Le secteur du transport public non régulier en Tunisie se dirige vers une nouvelle escalade sociale. Intervenant dans la matinale de Jawhara FM mercredi 8 avril 2026, le vice-président de la Chambre nationale des propriétaires de taxis individuels relevant de l’Utica, Adel Arfa, a confirmé la décision de grève générale le 27 avril, précédée d’une journée de protestation le 15 avril.
Cette mobilisation concerne l’ensemble des composantes du transport public non régulier, incluant les taxis individuels et collectifs, les louages ainsi que le transport rural. Selon le responsable syndical, cette décision fait suite à une réunion élargie des structures professionnelles représentant les cinq branches du secteur, au cours de laquelle un consensus s’est dégagé en faveur de cette action.
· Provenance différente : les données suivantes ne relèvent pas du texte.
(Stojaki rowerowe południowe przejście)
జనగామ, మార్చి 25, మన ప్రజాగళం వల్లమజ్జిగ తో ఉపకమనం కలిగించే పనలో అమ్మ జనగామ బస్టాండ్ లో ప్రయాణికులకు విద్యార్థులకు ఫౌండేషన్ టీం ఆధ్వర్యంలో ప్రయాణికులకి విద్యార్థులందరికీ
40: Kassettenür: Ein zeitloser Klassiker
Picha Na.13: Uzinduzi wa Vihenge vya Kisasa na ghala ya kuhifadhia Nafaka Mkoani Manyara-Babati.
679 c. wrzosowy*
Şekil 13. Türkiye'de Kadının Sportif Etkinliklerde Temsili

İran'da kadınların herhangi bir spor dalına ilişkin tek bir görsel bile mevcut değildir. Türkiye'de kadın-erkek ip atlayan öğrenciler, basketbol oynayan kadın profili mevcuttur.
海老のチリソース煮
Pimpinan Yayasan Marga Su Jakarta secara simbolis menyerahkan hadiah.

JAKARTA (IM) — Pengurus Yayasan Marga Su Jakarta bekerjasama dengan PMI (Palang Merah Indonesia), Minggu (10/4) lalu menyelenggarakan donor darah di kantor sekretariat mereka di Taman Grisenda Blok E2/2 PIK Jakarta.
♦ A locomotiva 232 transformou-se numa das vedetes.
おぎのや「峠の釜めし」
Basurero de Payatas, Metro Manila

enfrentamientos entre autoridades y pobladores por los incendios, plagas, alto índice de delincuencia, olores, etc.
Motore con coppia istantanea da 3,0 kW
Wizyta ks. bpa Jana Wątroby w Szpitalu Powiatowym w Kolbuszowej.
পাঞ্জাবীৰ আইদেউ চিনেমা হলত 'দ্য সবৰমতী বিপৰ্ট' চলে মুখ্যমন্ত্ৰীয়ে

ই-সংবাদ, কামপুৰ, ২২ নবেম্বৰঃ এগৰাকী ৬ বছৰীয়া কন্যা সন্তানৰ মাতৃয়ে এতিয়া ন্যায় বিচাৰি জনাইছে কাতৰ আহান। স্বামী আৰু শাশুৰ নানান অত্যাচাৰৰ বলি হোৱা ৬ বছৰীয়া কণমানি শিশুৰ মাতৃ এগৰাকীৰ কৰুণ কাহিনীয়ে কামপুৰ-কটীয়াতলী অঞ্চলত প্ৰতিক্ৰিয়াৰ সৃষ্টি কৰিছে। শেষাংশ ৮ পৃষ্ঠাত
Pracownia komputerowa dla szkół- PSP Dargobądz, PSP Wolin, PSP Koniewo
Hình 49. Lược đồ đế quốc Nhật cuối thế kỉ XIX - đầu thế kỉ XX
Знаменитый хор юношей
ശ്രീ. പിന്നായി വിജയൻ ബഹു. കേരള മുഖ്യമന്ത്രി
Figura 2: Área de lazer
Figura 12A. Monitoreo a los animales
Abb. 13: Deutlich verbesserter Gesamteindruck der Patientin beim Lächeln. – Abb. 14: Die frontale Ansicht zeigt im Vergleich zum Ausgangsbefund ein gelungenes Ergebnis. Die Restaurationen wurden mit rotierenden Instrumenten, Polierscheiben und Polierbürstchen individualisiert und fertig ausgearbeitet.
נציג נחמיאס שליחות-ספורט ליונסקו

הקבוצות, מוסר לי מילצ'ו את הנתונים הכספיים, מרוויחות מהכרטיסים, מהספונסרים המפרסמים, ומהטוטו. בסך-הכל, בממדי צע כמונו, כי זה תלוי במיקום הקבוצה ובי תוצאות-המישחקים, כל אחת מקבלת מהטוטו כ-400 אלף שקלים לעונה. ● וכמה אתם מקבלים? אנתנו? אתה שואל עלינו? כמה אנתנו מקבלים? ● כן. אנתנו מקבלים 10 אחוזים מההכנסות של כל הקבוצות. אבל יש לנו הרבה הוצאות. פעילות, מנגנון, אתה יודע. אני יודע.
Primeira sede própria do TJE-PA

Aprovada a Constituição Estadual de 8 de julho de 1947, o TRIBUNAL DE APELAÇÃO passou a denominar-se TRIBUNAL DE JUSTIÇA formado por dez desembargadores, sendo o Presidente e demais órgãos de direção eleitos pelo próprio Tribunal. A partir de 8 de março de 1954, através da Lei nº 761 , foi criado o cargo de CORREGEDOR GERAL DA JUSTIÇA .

À l’origine de cette tension, un différend persistant avec les autorités de tutelle autour de la révision des tarifs. Adel Arfa a rappelé qu’un accord avait été conclu antérieurement avec l’administration, prévoyant une augmentation tarifaire devant entrer en vigueur avant la fin du mois de mars. Or, à ce jour, aucune concrétisation n’a été observée, ce qui alimente le mécontentement des professionnels.
Sans dévoiler de chiffres précis, le responsable a évoqué des propositions portant notamment sur une révision du tarif de base du compteur, tout en soulignant que les discussions impliquent plusieurs segments du secteur, chacun disposant de sa propre grille tarifaire. Il a insisté également sur la complexité du processus décisionnel, la validation finale relevant de plusieurs ministères, dont ceux du Transport et du Commerce.
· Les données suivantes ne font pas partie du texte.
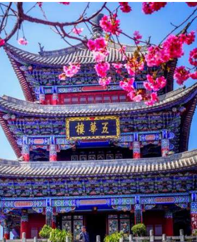
大理古城 Dali Ancient Town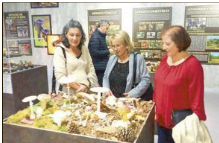
Hasta el 20 de noviembre puede visitarse la exposición sobre la variedad de setas que existen en el Museo de la Biodiversidad

El concierto fue ampliamente aplaudido por los asistentes, tanto por la calidad interpretativa de músicos y cantantes como por la buena acústica del templo parroquial ibense para este tipo de obras musicales.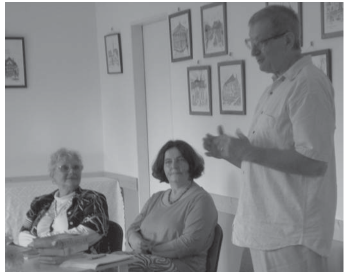
Gedeon és az előadók

A beszélgetések és koccintások zsongásában a gyertyák fényében szinte láttuk, ahogy Krúdy elégedetten csettint, azután simít bajuszán, fel teszi kalapját és felszáll, most már nélkülünk, a várakozó Vörös Postakocsira. Isten veled Szindbád, jó volt találkozni veled.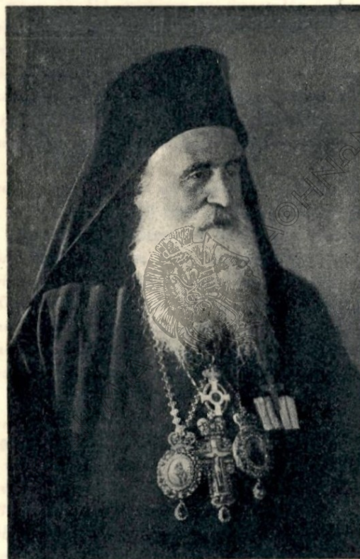
Η Α. Σ. Ο ΜΗΤΡΟΠΟΛΙΤΗΣ ΠΡΩΗΝ ΛΑΓΚΑΔΑ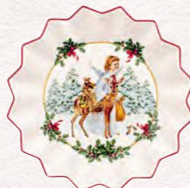
Coppa grande, angelo 24 x 24 x 4,5 cm 19,90 €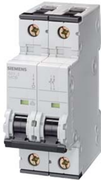
LEITUNGSSCHUTZSCHALTER 230V 10KA, 1+N-POLIG, C, 4A, T=70MM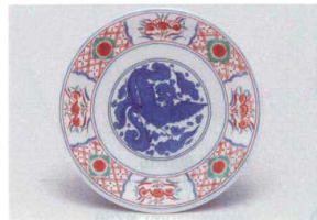
6 O-1-88 寿司皿 鳳凰 150φ×21 (200) ¥770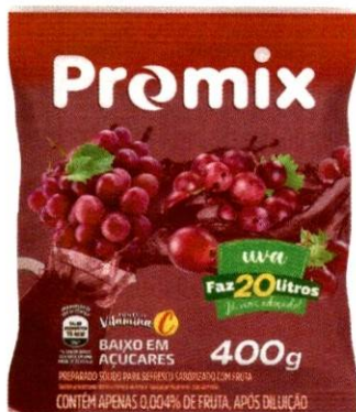
PROMIX 20L - 400g UVA

Au-delà de la question tarifaire, les professionnels dénoncent une hausse généralisée des coûts d’exploitation. Adel Arfa a cité notamment l’augmentation du prix des pièces de rechange, la dégradation de leur qualité, le coût élevé des assurances, ainsi que le prix des véhicules. À cela s’ajoutent les difficultés rencontrées pour assurer les véhicules, certaines compagnies se montrant réticentes à couvrir ce type d’activité, obligeant les exploitants à accepter des contrats onéreux.
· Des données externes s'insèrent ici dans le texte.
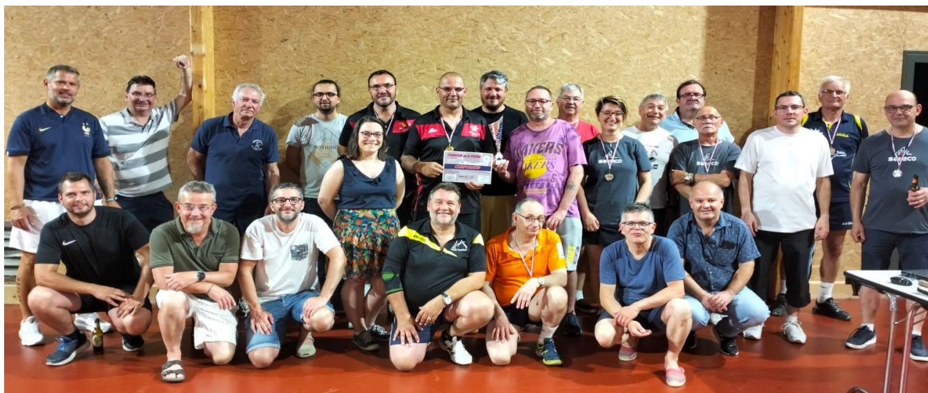
l'ensemble des équipes du championnat corpo !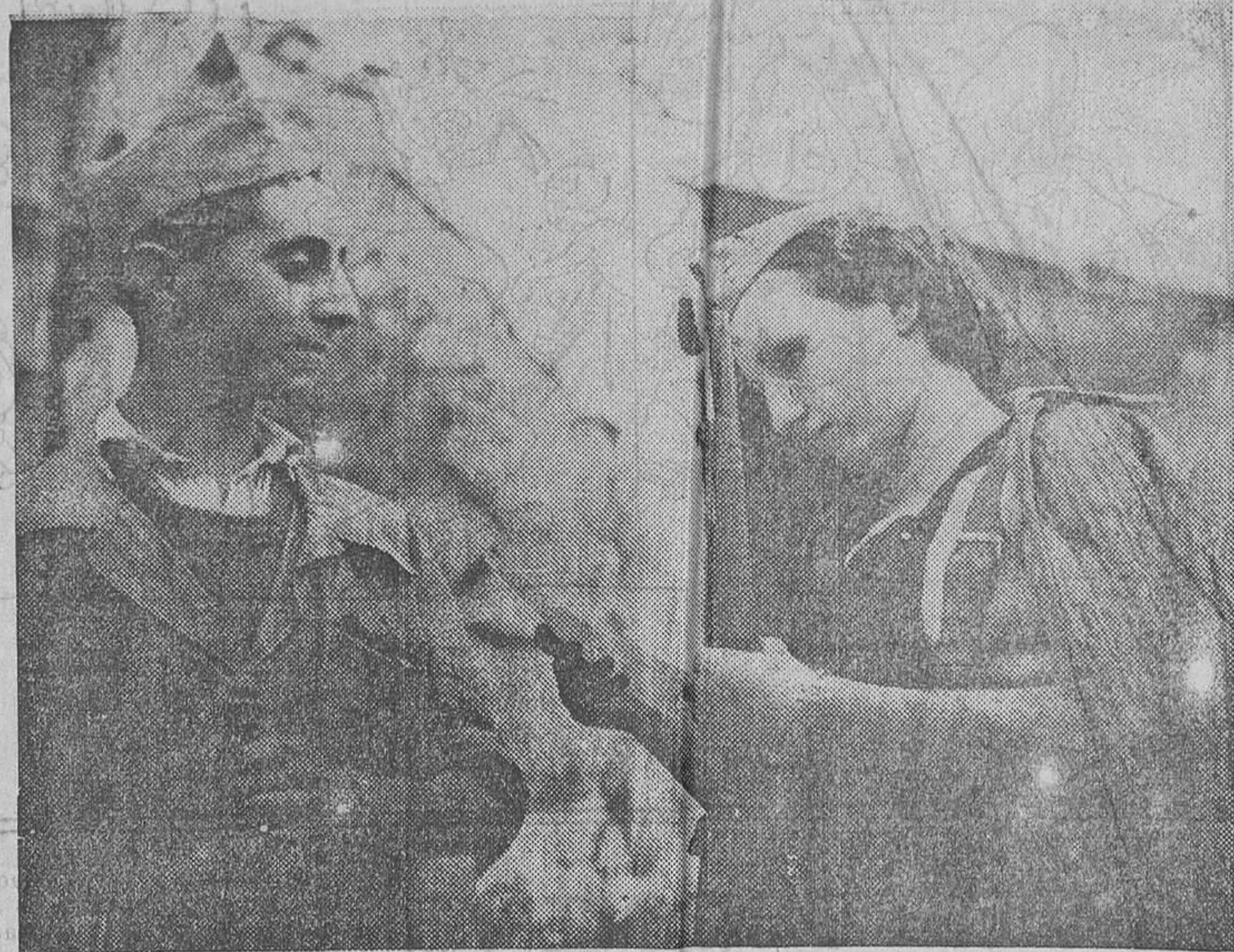
EN EL SECTOR DEL TAJO.—Una bella miliciana hace entrega de un recibo por la cantidad de nueve mil pesetas, que este miliciano encontró en una casa abandonada y que depositó en su Comité. Este acto pone de relieve, una vez más, la honradez que preside la actuación de nuestras milicias, tanto en el frente como en la retaguardia

El Gobierno legítimo de la República española, reflejo de las fuerzas parlamentarias recientemente elegidas con la garantía de sinceridad electoral, que significa la circunstancia de que di-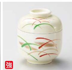
強 オ111-187 武蔵野ミニむし碗 φ7×7.8cm(80入・強) 2,380円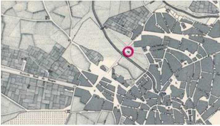
Plano de Valladolid (detalle). Victoriano de Ameller (1844)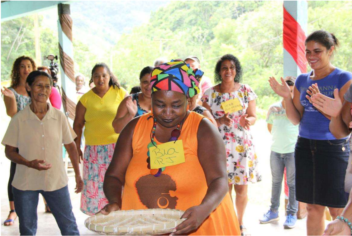
Figura 15. Dinâmica da farinhada para apresentação dos participantes por Estado.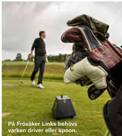
På Frösåker Links behövs varken driver eller spoon.

Det är som att åka skidor i lössnö. Man ska ta sig ner. Man vet inte hur.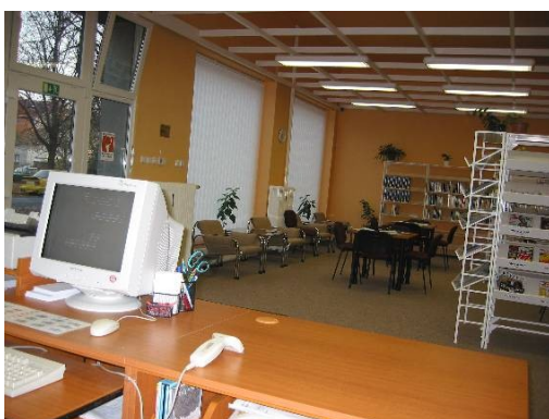
Příloha 5 - Hudební a internetová knihovna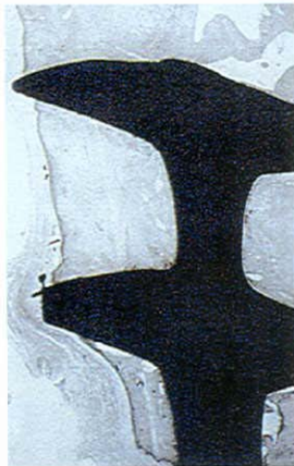
Istologia su vite di Garbaccio dopo 10 anni di funzione (Homo) (Nyborg, Donath)

Face à cette situation, le représentant syndical a affirmé que la grève ne serait pas une fin en soi, mais un moyen de pression pour obtenir l’application d’engagements déjà actés. « Notre objectif n’est pas de paralyser le pays, mais de faire valoir nos droits », a-t-il souligné, tout en réaffirmant l’ouverture des professionnels au dialogue.
Malgré l’annonce de cette mobilisation, les portes de la négociation restent ouvertes. Adel Arfa a assuré que les représentants du secteur étaient disposés à reprendre les discussions à tout moment avec les autorités.